■ Exercise requirements: Reproduce each line of the material exactly, minus any picture.

■ Excerpted records:
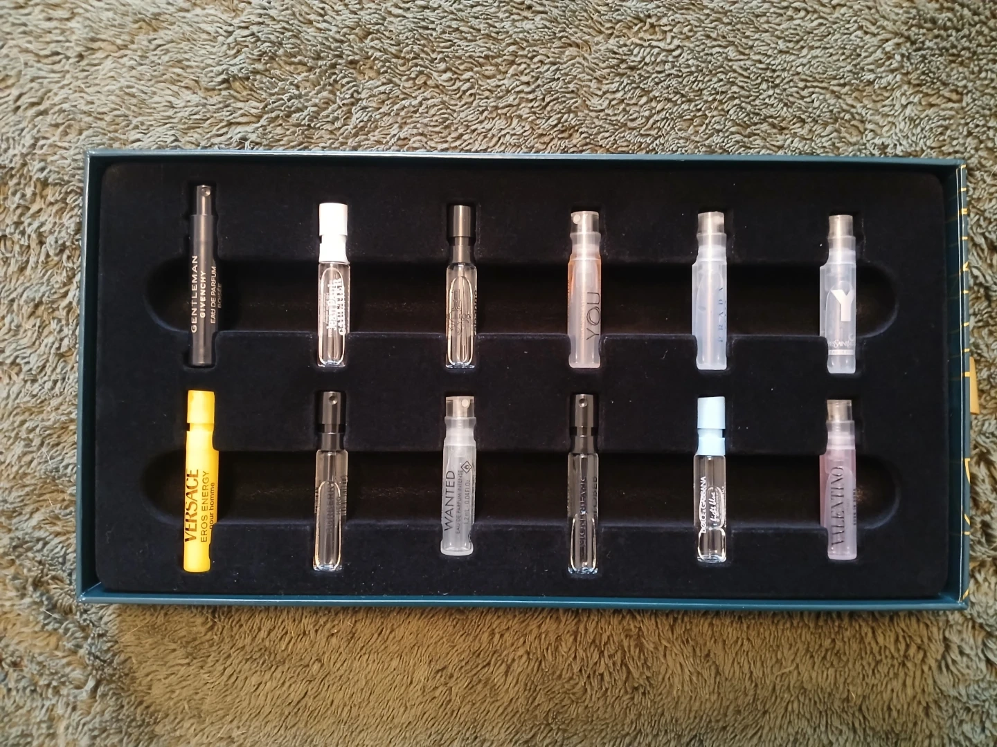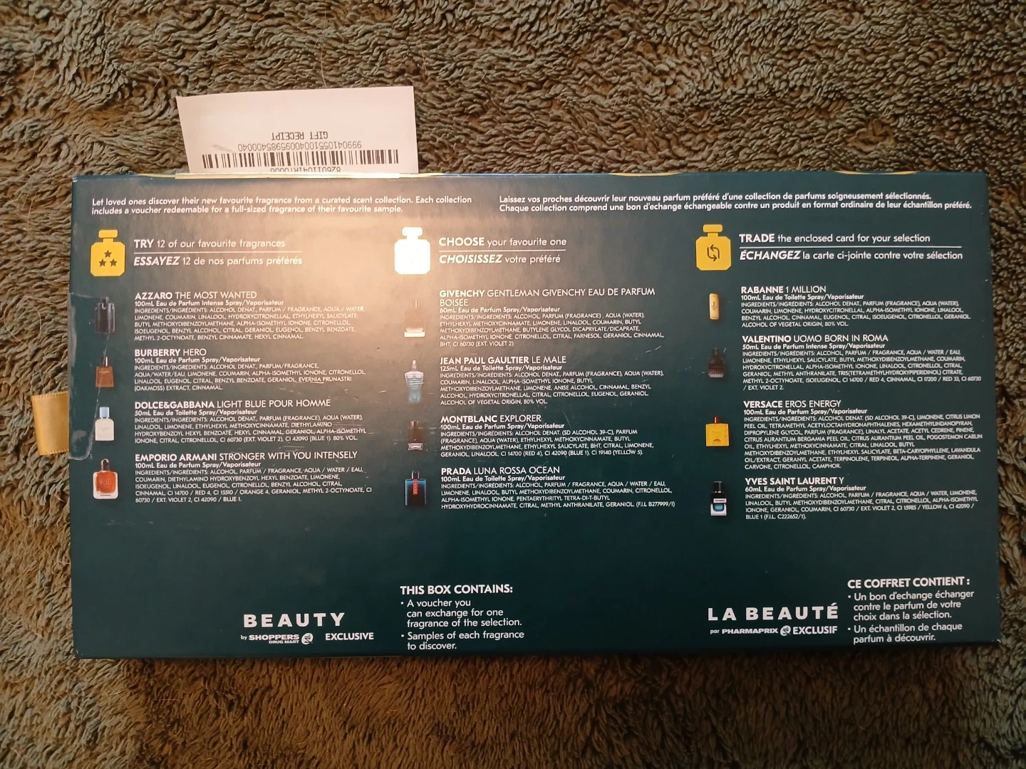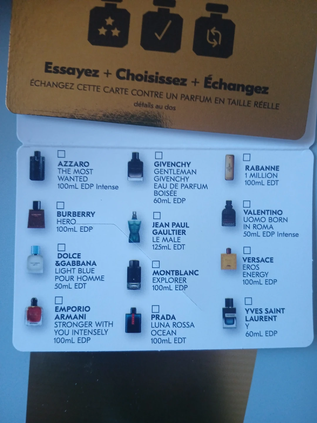 Contains 12 assorted sample-sized perfumes and an unredeemed Try, Choose, Trade card.
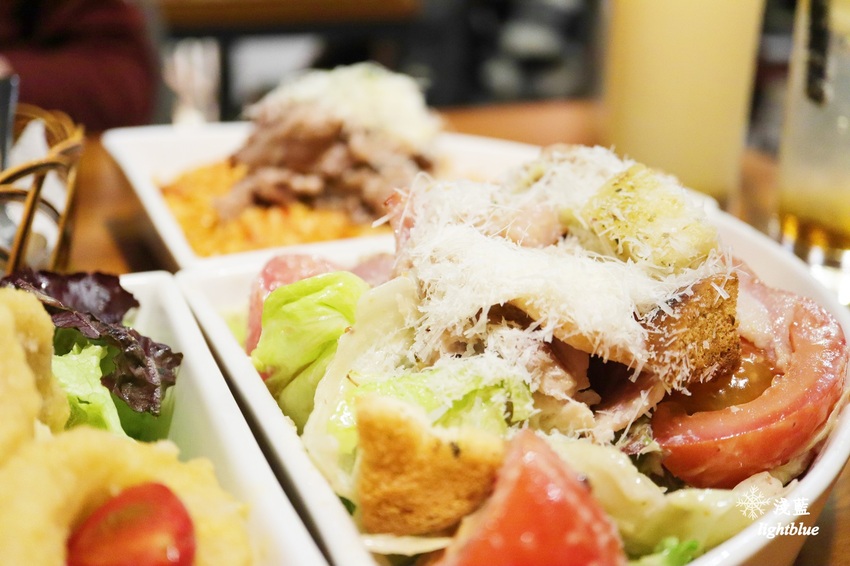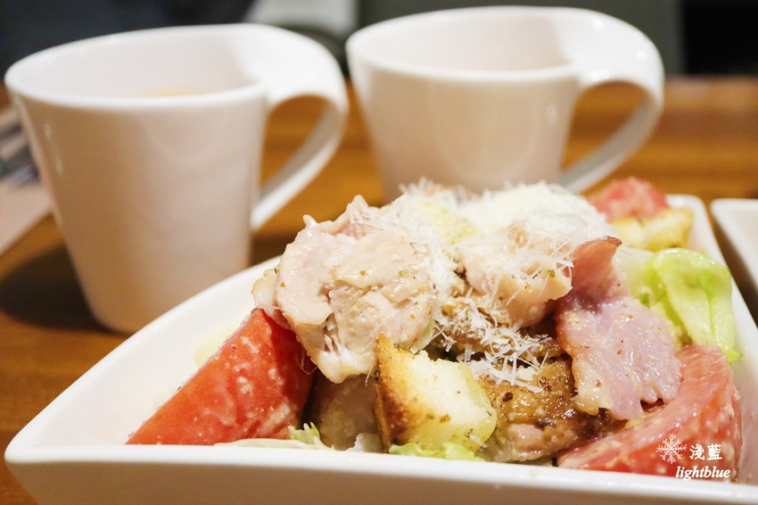 沙拉選了菜單上有作記號的推薦菜色「磚塊雞腿凱薩沙拉」,也是店裡的元老級沙拉
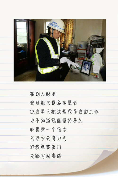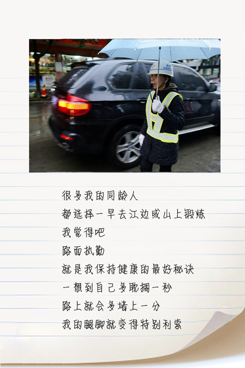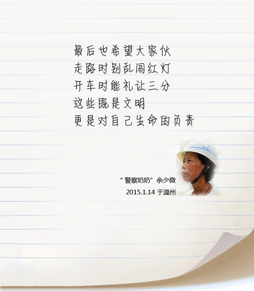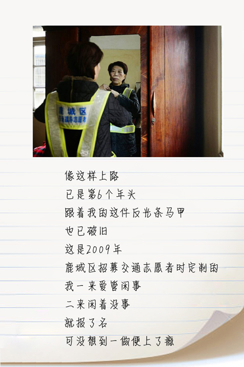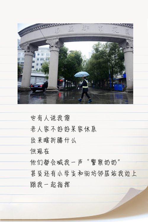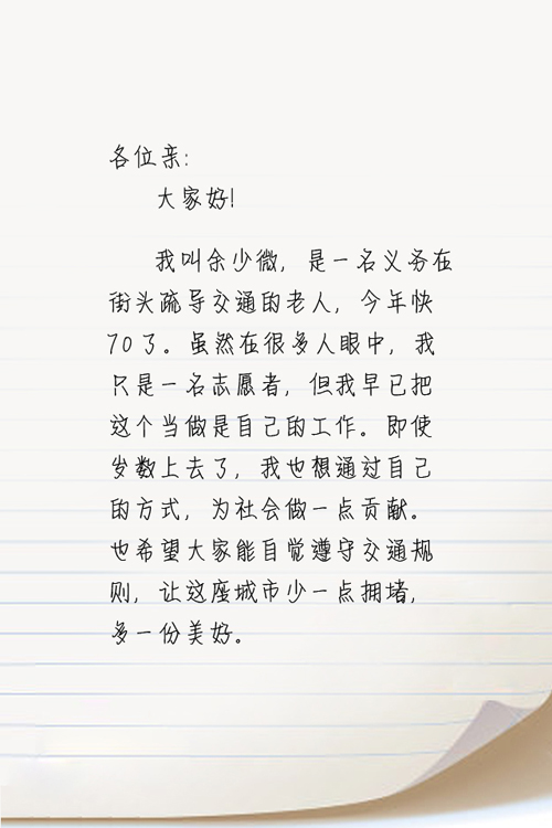 小编的话:自城市摄影家孙新尖给小编回信后,信中的主人公之一——“最美警察奶奶”余少微也按捺不住来了一篇她的情书。这篇情书,让我们看到了一位七旬老人对参与社会治理的执着,以及为他人服务的无私情怀。
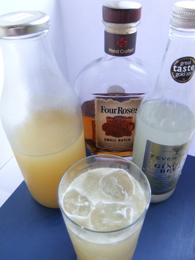 This came from Domestic Sluttery, I looked at it and filed it away as one to look at later. Then I was gifted some posh apple juice and it just seemed like the right thing to do. It’s a great long drink, the bourbon and apple juice blend well together with the lime juice and ginger beer adding tartness and a lovely fiery kick.
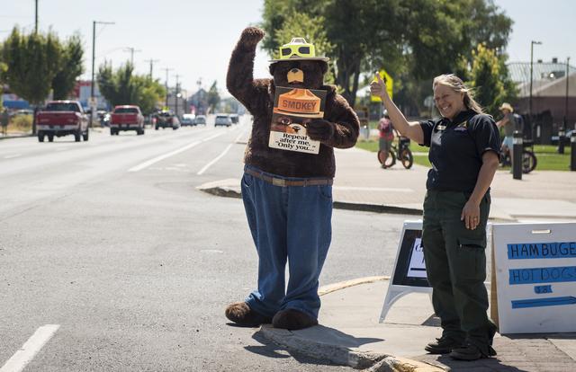 Smokey Bear, left, and Judy Reese of the Crooked River National Grassland, right, wave at passersby as crowds arrive to watch the total solar eclipse in Madras, Oregon on Saturday, August 19, 2017. The eclipse will be sweeping across a narrow portion of the contiguous United States from Lincoln Beach, Oregon to Charleston, South Carolina on August 21. A partial solar eclipse will be visible across the entire North American continent along with parts of South America, Africa, and Europe. Photo Credit: (NASA/Aubrey Gemignani)
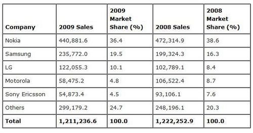 根據(jù)Gartner的數(shù)據(jù)顯示,去年共銷售出的智能手機(jī)達(dá)1.72億部,比前年上漲了24%,然而全世界手機(jī)的銷售總量卻并無起色(2008年為12.2億部,而2009年為12.1億部。在去年銷售的所有手機(jī)中,智能手機(jī)占14%,較2008(11%)年有所提升。iPhone盡管去年漲勢(shì)迅猛,只占去年各種手機(jī)銷售總量的2%。
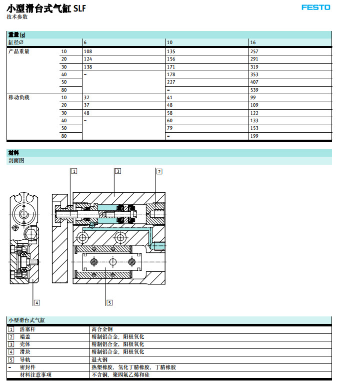 SLF-6-10,SLF-10-10,SLF-16-10,SLF-6-20,SLF-10-30,festo小型滑臺(tái)式氣缸

■ Response for this exercise:
 Contains 12 assorted sample-sized perfumes and an unredeemed Try, Choose, Trade card.
 沙拉選了菜單上有作記號的推薦菜色「磚塊雞腿凱薩沙拉」,也是店裡的元老級沙拉
 小编的话:自城市摄影家孙新尖给小编回信后,信中的主人公之一——“最美警察奶奶”余少微也按捺不住来了一篇她的情书。这篇情书,让我们看到了一位七旬老人对参与社会治理的执着,以及为他人服务的无私情怀。
 This came from Domestic Sluttery, I looked at it and filed it away as one to look at later. Then I was gifted some posh apple juice and it just seemed like the right thing to do. It’s a great long drink, the bourbon and apple juice blend well together with the lime juice and ginger beer adding tartness and a lovely fiery kick.
 Smokey Bear, left, and Judy Reese of the Crooked River National Grassland, right, wave at passersby as crowds arrive to watch the total solar eclipse in Madras, Oregon on Saturday, August 19, 2017. The eclipse will be sweeping across a narrow portion of the contiguous United States from Lincoln Beach, Oregon to Charleston, South Carolina on August 21. A partial solar eclipse will be visible across the entire North American continent along with parts of South America, Africa, and Europe. Photo Credit: (NASA/Aubrey Gemignani)
 根據(jù)Gartner的數(shù)據(jù)顯示,去年共銷售出的智能手機(jī)達(dá)1.72億部,比前年上漲了24%,然而全世界手機(jī)的銷售總量卻并無起色(2008年為12.2億部,而2009年為12.1億部。在去年銷售的所有手機(jī)中,智能手機(jī)占14%,較2008(11%)年有所提升。iPhone盡管去年漲勢(shì)迅猛,只占去年各種手機(jī)銷售總量的2%。
 SLF-6-10,SLF-10-10,SLF-16-10,SLF-6-20,SLF-10-30,festo小型滑臺(tái)式氣缸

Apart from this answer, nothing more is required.